Now here's the problem. She'd pay $10/month to host her site IF it would drive traffic to it. If it's worth her time and money. So IF it were part of a huge network of small businesses selling their wares, it would be worth it. If Yahoo would make it very simple for her to create a basic website with a payment portal, notify her of questions, orders, and so forth, shield her personal contact information from the general public, provide resources for her to handle complaints (thru a 3rd party or whatever, just make it easy and available) - and create the environment for her to sell her product, she'd be there. Don't nickel & dime the sellers with fees for every little thing - create bundled packages so there are no surprises. Small businesses live and die by a few dollars.
Dealing with hosting, marketing, selling, shipping, customer questions & complaints is way too much for most small businesses to do well if they have to piecemeal the parts together and try to manage all of the moving parts while saving money.

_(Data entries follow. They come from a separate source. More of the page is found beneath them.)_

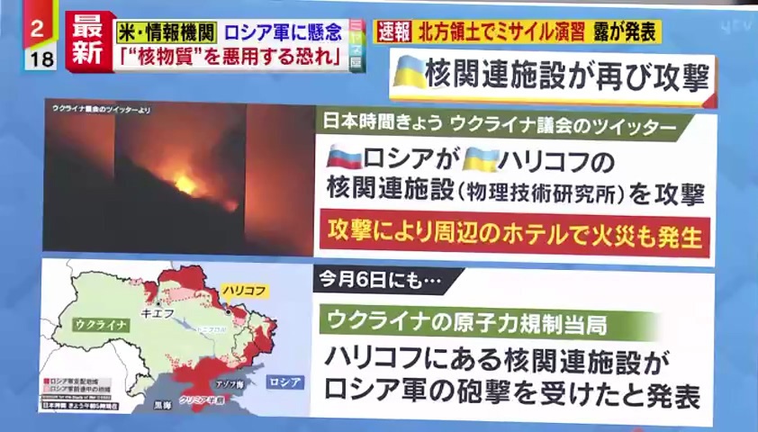 3月10日、アメリカ国防総省高官はロシア軍がウクライナの首都キエフ中心部まで北西15キロの地点に迫っていて今後1、2週間でキエフを包囲することが可能との見通しを明らかにしました。こうした中、アメリカ議会の公聴会で証言した、ヘインズ国家情報長官は。原発の占拠や病院への攻撃を行うロシア軍について市民の安全を無視した無謀な行動を取っていると指摘、核物質を悪用するおそれがあるとの見方を示しました。
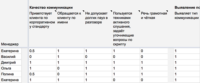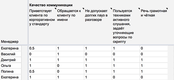 Если выполнен, но не до конца, ставим «0.5». Например, если менеджер спросил имя клиента в начале разговора, но больше по нему не обращался, критерий «приветствие по корпоративному стандарту» выполнен не до конца;
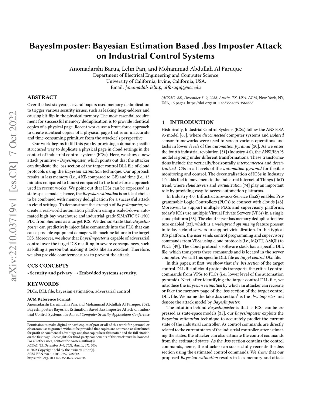 Over the last six years, several papers used memory deduplication to trigger various security issues, such as leaking heap-address and causing bit-flip in the physical memory. The most essential requirement for successful memory deduplication is to provide identical copies of a physical page. Recent works use a brute-force approach to create identical copies of a physical page that is an inaccurate and time-consuming primitive from the attacker's perspective. Our work begins to fill this gap by providing a domain-specific structured way to duplicate a physical page in cloud settings in the context of industrial control systems (ICSs). Here, we show a new attack primitive - \textit{BayesImposter}, which points out that the attacker can duplicate the .bss section of the target control DLL file of cloud protocols using the \textit{Bayesian estimation} technique. Our approach results in less memory (i.e., 4 KB compared to GB) and time (i.e., 13 minutes compared to hours) compared to the brute-force approach used in recent works. We point out that ICSs can be expressed as state-space models; hence, the \textit{Bayesian estimation} is an ideal choice to be combined with memory deduplication for a successful attack in cloud settings. To demonstrate the strength of \textit{BayesImposter}, we create a real-world automation platform using a scaled-down automated high-bay warehouse and industrial-grade SIMATIC S7-1500 PLC from Siemens as a target ICS. We demonstrate that \textit{BayesImposter} can predictively inject false commands into the PLC that can cause possible equipment damage with machine failure in the target ICS. Moreover, we show that \textit{BayesImposter} is capable of adversarial control over the target ICS resulting in severe consequences, such as killing a person but making it looks like an accident. Therefore, we also provide countermeasures to prevent the attack.
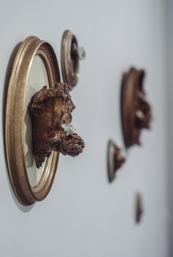 Wei Cheng spoke of finding intriguing litter on her journeys to and from her studio. Layered within her spontaneous interplay with the material, and the firing process, she integrates these found objects in many of the pieces with an unusual restraint. Wei Cheng also spoke of using her intuition, as opposed to analyzing her interactions. A fraught and brave process. Dragonn wrote, “Cheng attempts to break apart from the shackles of ceramic’s inherent qualities….”
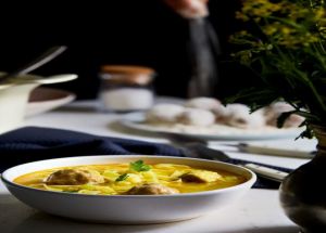 Aπίθανα γιουβαρλάκια κοτόπουλου με κάρι και ρυζομακάρονα με εξωτικό άρωμα, φρέσκο τσίλι και τζίντζερ.
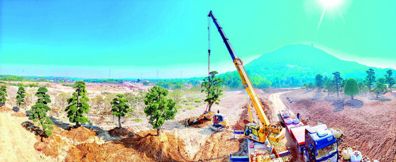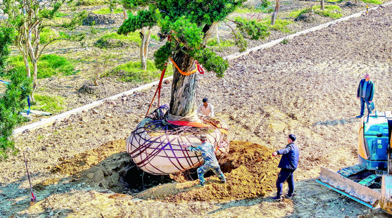11月21日,浙江省首批林苗一体化改革试点项目——金东区林苗一体化产业园项目现场机械轰鸣,挖掘机、吊车协同作业,工人们正有序开展绿植移栽工作。
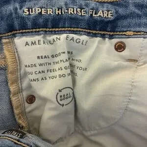 American Eagle Super Hi-Rise Flare Ripped Jeans Women’s 10 Blue
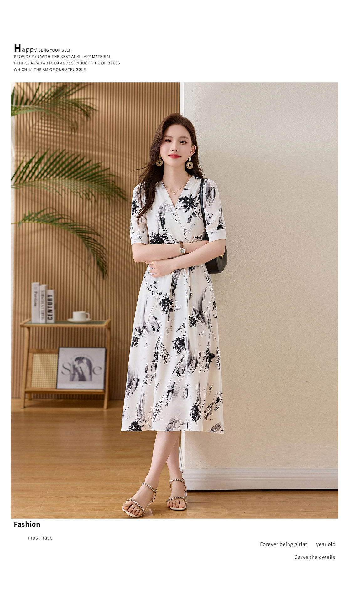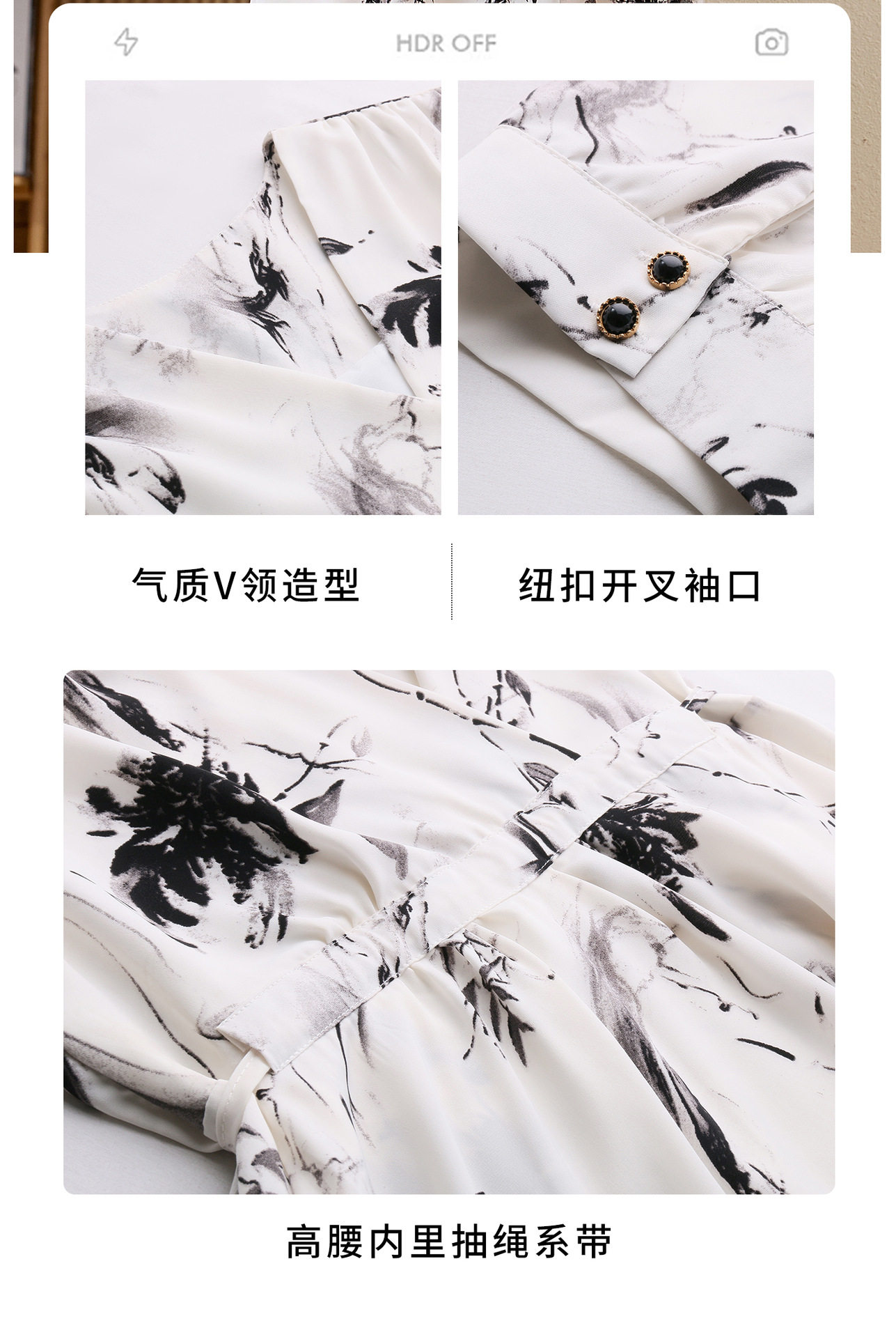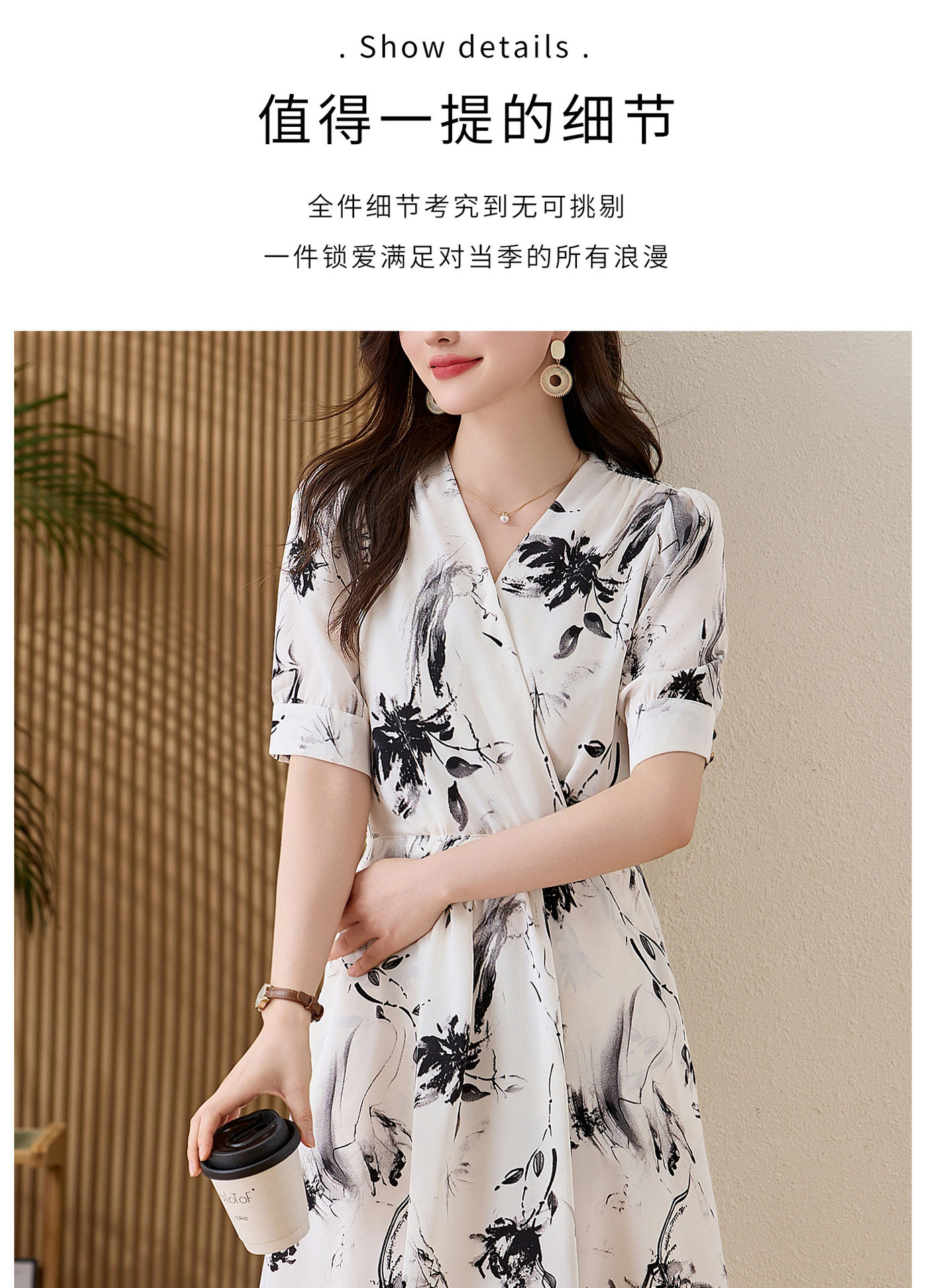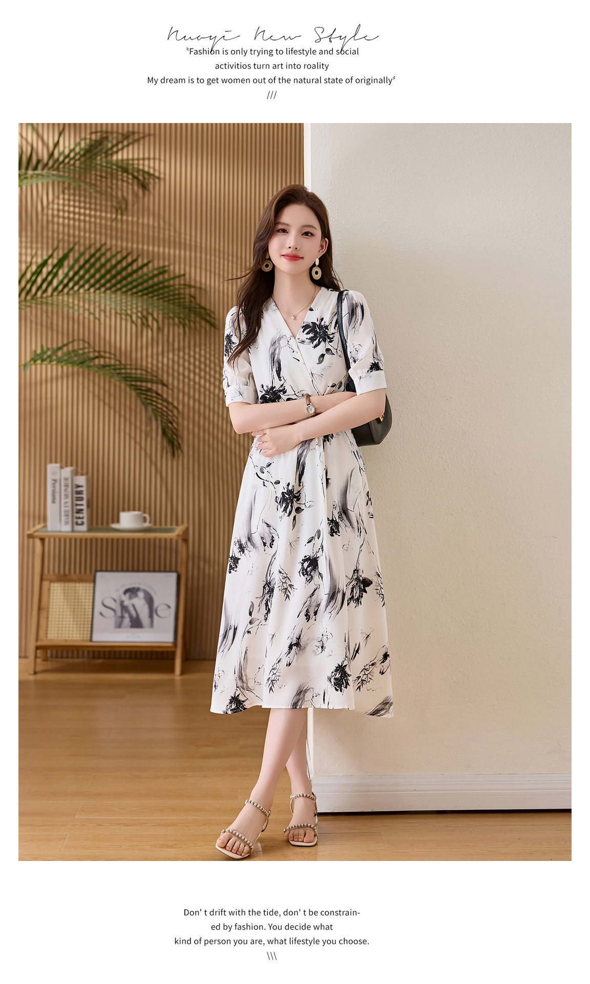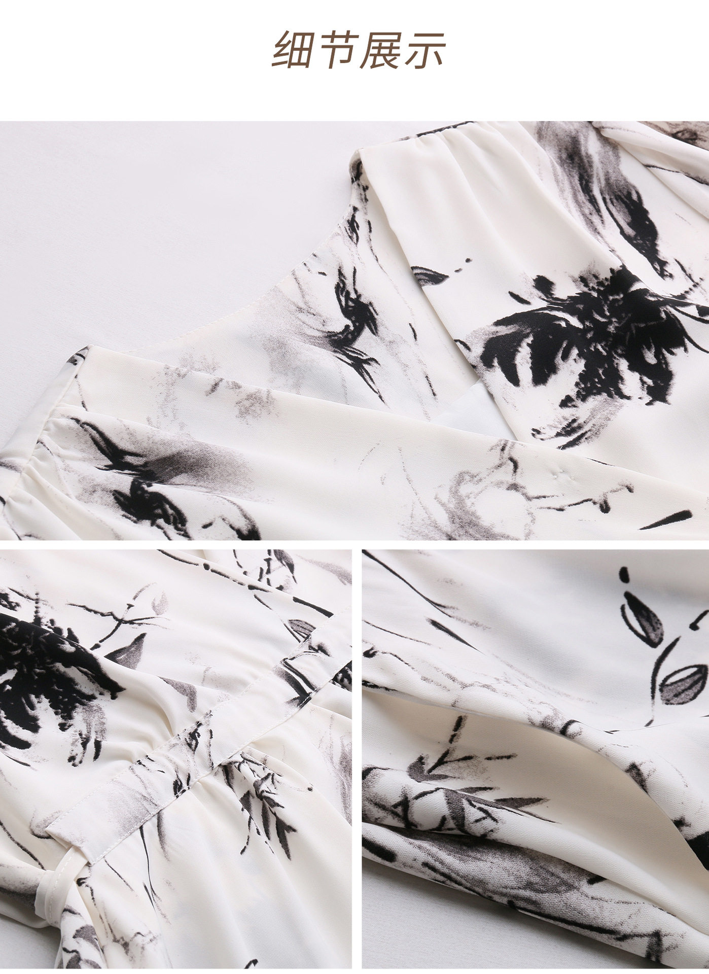 「自」全新升级【铂金会员257/天猫339/差价82】(01233)洛诗琳法式水墨印花连衣裙女2026新款气质V领收腰显瘦茶歇裙
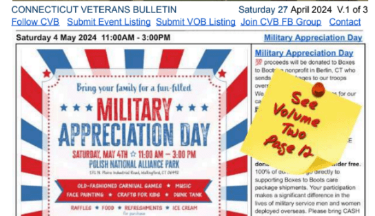 V2 CVB’s Weekly Connecticut Veterans Calendar Publication Saturday 20 April 2024 featured listing page nine
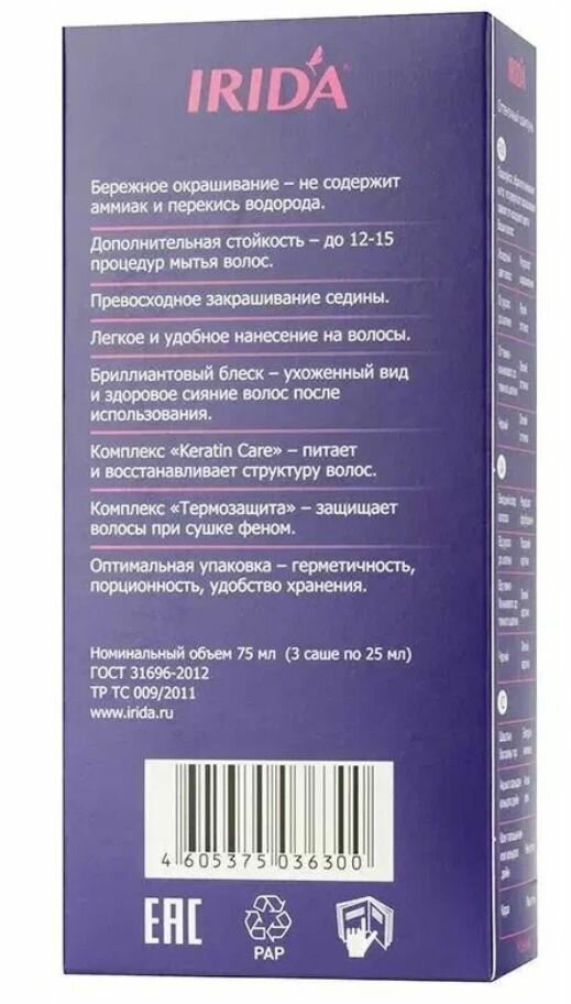 IRIDA, Оттеночный шампунь, коньяк, 75 мл, 6 шт
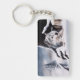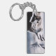 Un loup qui s'allonge dans la neige de l'hiver avec un château derrière le loup.
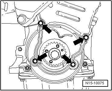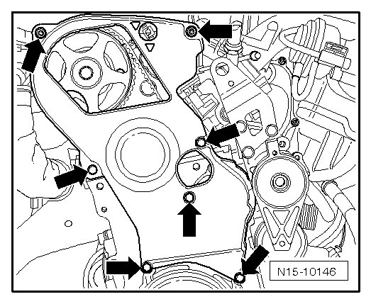 - Remove the remaining toothed belt guard bolts - arrows - and remove the toothed belt guard.

But most importantly, a world bazaar online where all of these little shops are linked together, easily navigated, easily found, easily discovered.
The power of 25.8 million small businesses in the US (alone) is nothing to sneeze at. Some of the search engines are trying to do a bit more of local search but if I want to find "mittens" I can't go to the phone book, but I also get way too many results to wade through (many of them irrelevant) doing a random online search. If I were going to a marketplace destination where I could peruse lots of different sellers of lots of different mitten types - well, it's a market that's currently not being served. Yahoo should be the one to do it.
Updated: I forgot to post Mathew Ingram's link to his article about laughing at Google being scared of Facebook:
http://www.mathewingram.com/work/2007/10/16/google-scared-of-facebook-puh-leeze/Updated 10/26: Microsoft's numbers are
in: profit up 23%, a reported net income of $4.29 billion, or 45 cents a share, revenue of $13.76 billion, an increase of 27 percent from a year earlier. (
That's the kind of "irrelevant I'd like my company to be!)